Now that we have penalties assigned, our aim is to find an assignment of the variables $s_i$ so that $P(\bar s)$ is minimized. Very similarly to how we derived the Max Cut Hamiltonian in section 1.5 of Lab 1, we can define a Hamiltonian fpr $P(\bar s)$ which we'll refer to as the mergerHamiltonian. This is done by replacing every instance of $s_i$ in $P$ with a Pauli- $Z$ operator applied to the qubit associated with $i$ . We'll be reusing this in Lab 3, so let's write a function to create the mergerHamiltonian.

In [ ]:

# Define the Hamiltonian for applying QAOA to the variables
# s_i where s_i = 1 means we will not flip the subgraph Gi's colors
# and s_i = -1 means we will flip the colors of subgraph G_i

def mHamiltonian(merger):
    """Hamiltonian for finding the optimal swap schedule for the subgraph partitioning encoded in the merger graph

    Parameters
    ----------
    merger: networkX.Graph
        Weighted graph

    Returns
    -------
    cudaq.SpinOperator
        Hamiltonian for finding the optimal swap schedule for the subgraph partitioning encoded in the merger graph
    """

    mergerHamiltonian = 0
    mergerNodes = sorted(list(merger.nodes()))
 # Add Hamiltonian terms for edges within a subgraph that contain a border element
    for u, v in merger.edges():
        qubitu = mergerNodes.index(u)
        qubitv = mergerNodes.index(v)
        mergerHamiltonian+= -1*merger[u][v]['penalty']*(spin.z(qubitu))*(spin.z(qubitv))
    return mergerHamiltonian

We're now ready to apply QAOA to find a solution to the merger problem (i.e. find values for $s_i$ so that $P(\bar s)$ is minimized). This is very similar to what we did in Lab 1 to find the minimum of the Max Cut Hamiltonian.
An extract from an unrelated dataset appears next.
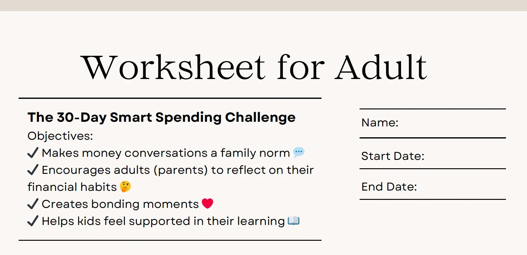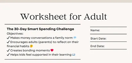 The adult worksheet is designed to guide parents or guardians in supporting their child's journey through the 30-Day Smart Spending Challenge. It encourages meaningful money conversations at home, helps parents reflect on their own habits, and creates a bonding opportunity where learning about finances becomes a shared experience. By using the worksheet, parents become active role models, helping their child build healthy money habits that can last a lifetime. Remember, financial literacy doesn’t start in schools—it starts at home.

Exercise: Edit the code block below, changing the FIX_ME functions to a selection from the following. Two of these options will not be used.

cudaq.sample
cudaq.observe
cudaq.vqe
.expectation()
.most_probable()

In [ ]:

# Run QAOA on the merger subgraph to identify which subgraphs
# if any should change colors

layer_count_merger = 1 # set arbitrarily
parameter_count_merger: int = 2 * layer_count_merger

# Specify the optimizer and its initial parameters. Make it repeatable.
cudaq.set_random_seed(101)
optimizer_merger = cudaq.optimizers.COBYLA()
np.random.seed(101)
optimizer_merger.initial_parameters = np.random.uniform(-np.pi, np.pi,
                                                     parameter_count_merger)
optimizer_merger.max_iterations=150

merger_nodes = list(mergerGraph.nodes())
qubit_count = len(merger_nodes)
merger_edge_src = []
merger_edge_tgt = []
for u, v in nx.edges(mergerGraph):
    # We can use the index() command to read out the qubits associated with the vertex u and v.
    merger_edge_src.append(merger_nodes.index(u))
    merger_edge_tgt.append(merger_nodes.index(v))
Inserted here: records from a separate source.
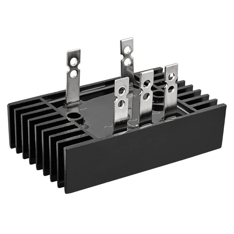 The bridge rectifier converts the three-phase current input into DC with heat sink design.
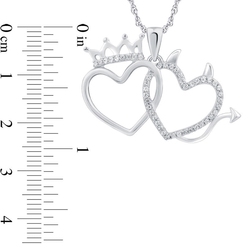 0.13 CT. T.W. Natural Diamond Crown and Devil Double Heart Pendant in 14K Yellow Gold
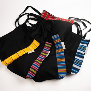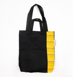Muhu kollase mustriga topeltsangadega must ostukott.
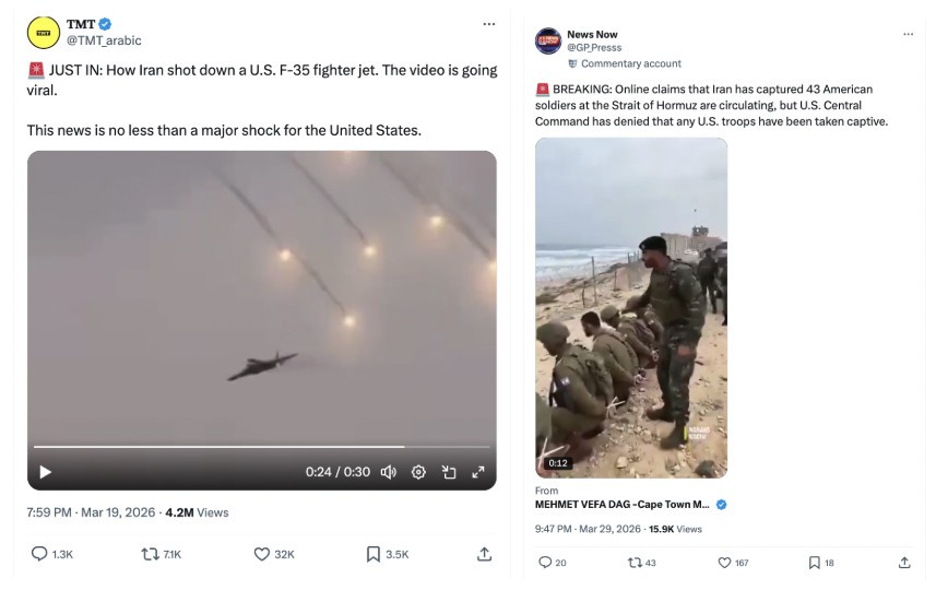 Le due reti stanno condividendo un elemento interessante, l’uso sistematico di contenuti generati dall’intelligenza artificiale come i video di soldati catturati, aerei abbattuti o attacchi mai avvenuti, i quali hanno raccolto milioni di visualizzazioni. Le politiche sulla piattaforma prevedono forti restrizioni su materiale non etichettato relativo a conflitti armati.
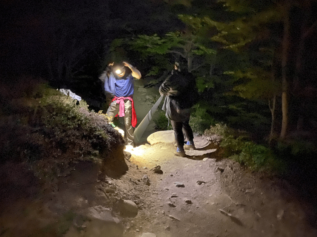 Around 2:30am, I went to wake Alli up, and then we all gathered back at the dining hall, ready for a night hike.

# Pass the kernel, spin operator, and optimizer to `cudaq.vqe`.
optimal_expectation, optimal_parameters = FIX_ME(
    kernel=kernel_qaoa,
    spin_operator=mHamiltonian(mergerGraph),
    argument_mapper=lambda parameter_vector: (qubit_count, layer_count, merger_edge_src, merger_edge_tgt, parameter_vector),
    optimizer=optimizer_merger,
    parameter_count=parameter_count_merger,
    shots = 10000)

# Print the optimized value and its parameters
print("Optimal value = ", optimal_expectation)
print("Optimal parameters = ", optimal_parameters)

# Sample the circuit using the optimized parameters
sample_number=15000
counts = FIX_ME(kernel_qaoa, qubit_count, layer_count, merger_edge_src, merger_edge_tgt, optimal_parameters, shots_count=sample_number)
print(f"most_probable = {counts.FIX_ME}")

# Merger results
mergerResultsString=counts.most_probable()

In [ ]:

# SOLUTION
# Run QAOA on the merger subgraph to identify which subgraphs
# if any should change colors

layer_count_merger = 1 # set arbitrarily
parameter_count_merger: int = 2 * layer_count_merger

# Specify the optimizer and its initial parameters. Make it repeatable.
cudaq.set_random_seed(101)
optimizer_merger = cudaq.optimizers.COBYLA()
np.random.seed(101)
optimizer_merger.initial_parameters = np.random.uniform(-np.pi, np.pi,
                                                     parameter_count_merger)
optimizer_merger.max_iterations=150

merger_nodes = list(mergerGraph.nodes())
qubit_count = len(merger_nodes)
merger_edge_src = []
merger_edge_tgt = []
for u, v in nx.edges(mergerGraph):
    # We can use the index() command to read out the qubits associated with the vertex u and v.
    merger_edge_src.append(merger_nodes.index(u))
    merger_edge_tgt.append(merger_nodes.index(v))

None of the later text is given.